### MATERIAL PROVIDED
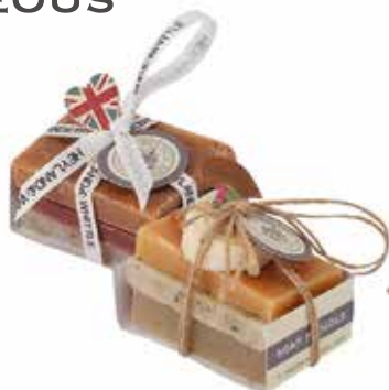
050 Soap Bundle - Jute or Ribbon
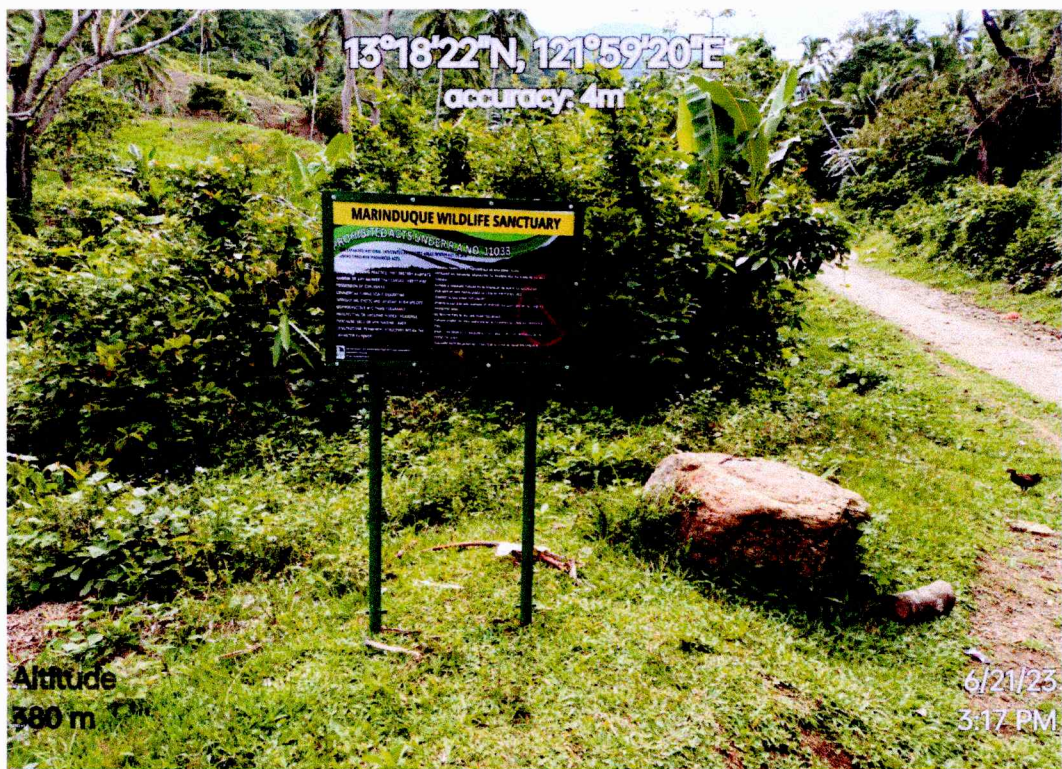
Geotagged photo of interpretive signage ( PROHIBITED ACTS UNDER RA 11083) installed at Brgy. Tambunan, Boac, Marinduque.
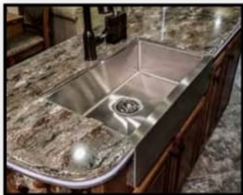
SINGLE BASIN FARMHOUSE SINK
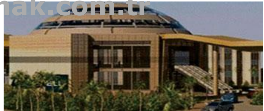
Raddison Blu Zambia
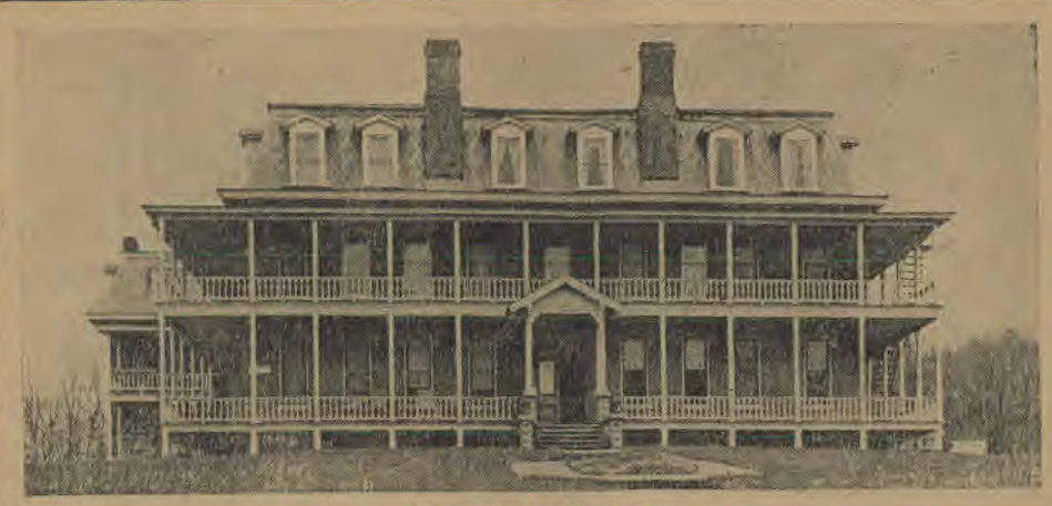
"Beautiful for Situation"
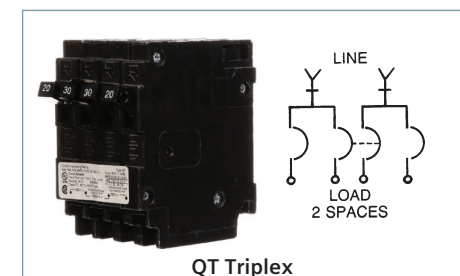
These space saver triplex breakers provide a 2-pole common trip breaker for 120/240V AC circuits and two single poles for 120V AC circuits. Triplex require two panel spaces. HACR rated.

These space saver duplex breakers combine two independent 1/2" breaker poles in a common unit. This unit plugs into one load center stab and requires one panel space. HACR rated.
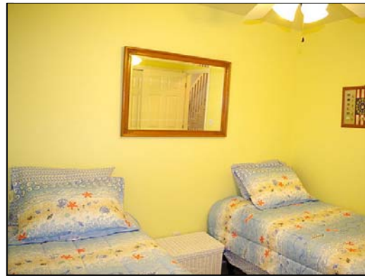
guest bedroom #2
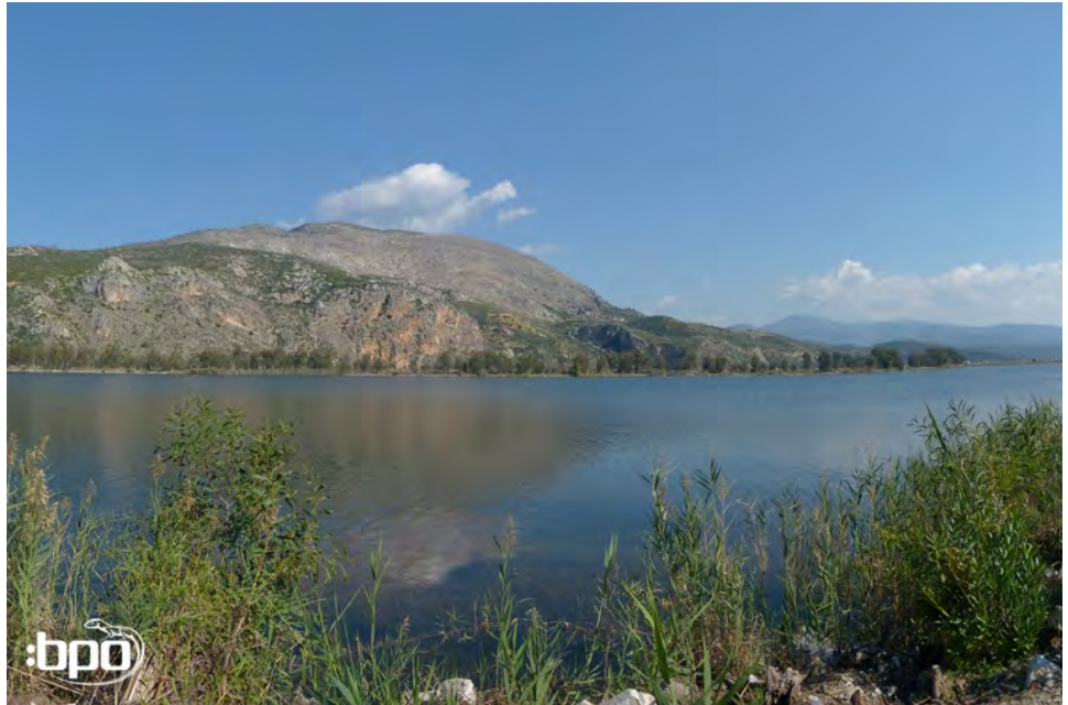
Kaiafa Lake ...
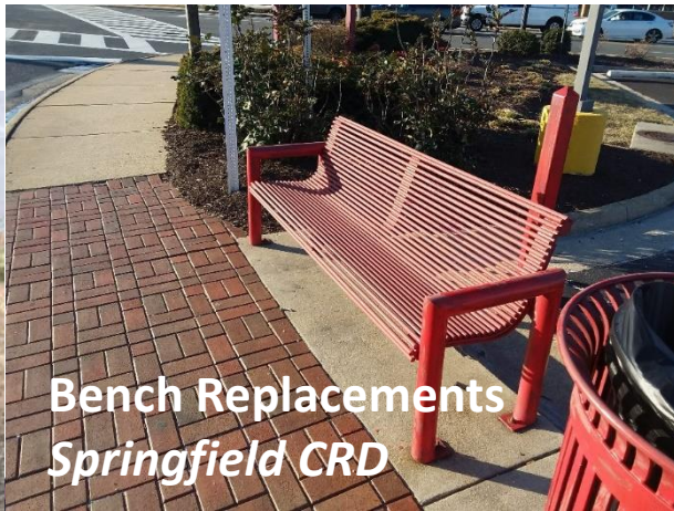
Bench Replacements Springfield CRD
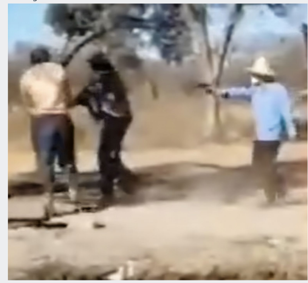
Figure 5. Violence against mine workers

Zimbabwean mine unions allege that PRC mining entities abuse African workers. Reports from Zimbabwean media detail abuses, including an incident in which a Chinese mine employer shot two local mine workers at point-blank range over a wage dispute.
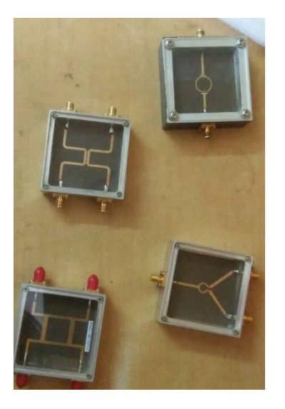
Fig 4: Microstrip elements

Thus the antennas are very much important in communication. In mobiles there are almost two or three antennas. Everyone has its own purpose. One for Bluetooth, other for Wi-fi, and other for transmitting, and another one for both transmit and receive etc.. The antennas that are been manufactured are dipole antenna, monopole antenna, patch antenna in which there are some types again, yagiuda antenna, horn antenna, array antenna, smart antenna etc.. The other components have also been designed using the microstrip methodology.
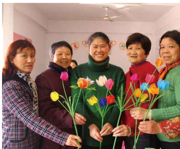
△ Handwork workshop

* * *

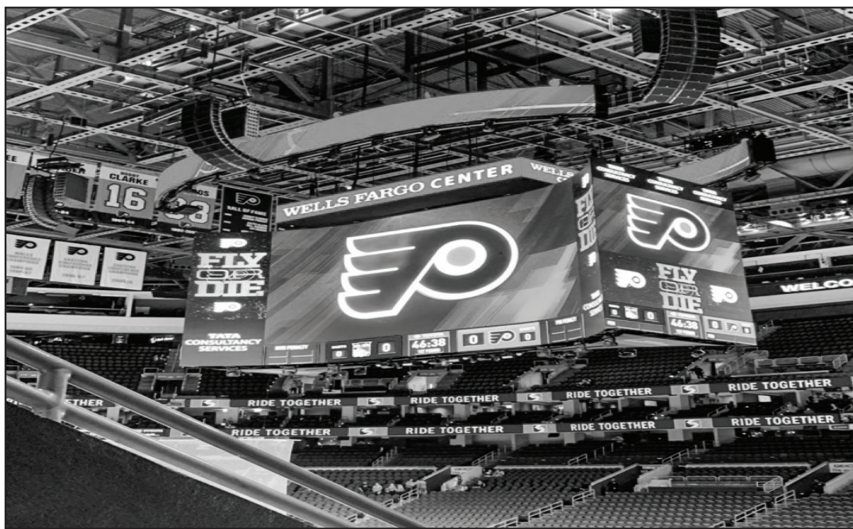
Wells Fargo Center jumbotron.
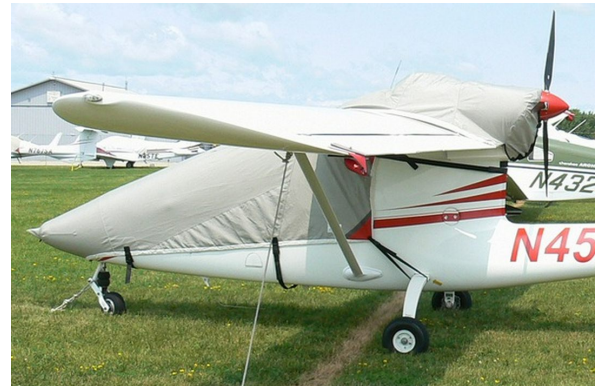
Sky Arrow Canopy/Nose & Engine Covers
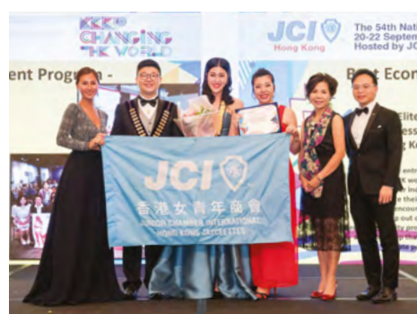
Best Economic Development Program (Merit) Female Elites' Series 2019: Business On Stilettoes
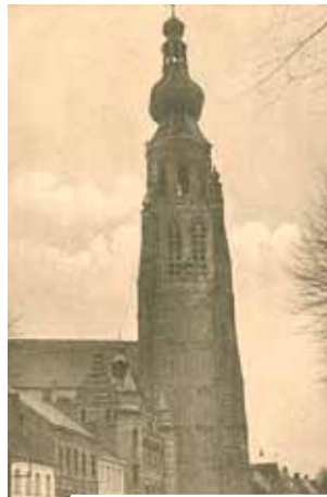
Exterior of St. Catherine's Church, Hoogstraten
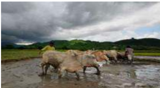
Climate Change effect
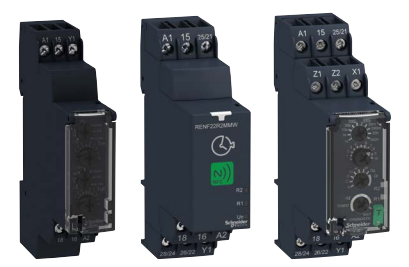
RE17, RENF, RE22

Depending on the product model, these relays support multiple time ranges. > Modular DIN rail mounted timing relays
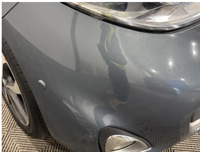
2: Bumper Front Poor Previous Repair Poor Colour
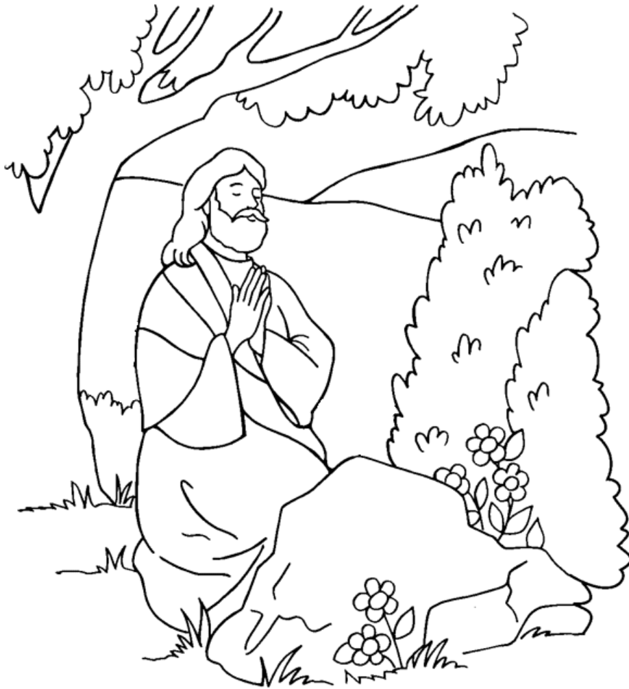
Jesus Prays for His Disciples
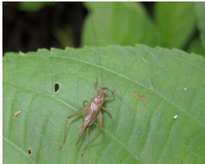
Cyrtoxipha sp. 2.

==

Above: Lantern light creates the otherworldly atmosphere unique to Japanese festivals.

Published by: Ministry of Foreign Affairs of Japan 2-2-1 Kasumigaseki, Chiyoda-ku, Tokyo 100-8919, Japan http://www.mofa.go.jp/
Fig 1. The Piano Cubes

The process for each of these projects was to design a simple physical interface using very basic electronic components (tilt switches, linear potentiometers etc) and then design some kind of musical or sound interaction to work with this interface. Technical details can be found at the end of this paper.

### TO DO
Reply with every line of the listing that has the string "saver".

### SOLUTION TO THE PROBLEM
These space saver triplex breakers provide a 2-pole common trip breaker for 120/240V AC circuits and two single poles for 120V AC circuits. Triplex require two panel spaces. HACR rated.
These space saver duplex breakers combine two independent 1/2" breaker poles in a common unit. This unit plugs into one load center stab and requires one panel space. HACR rated.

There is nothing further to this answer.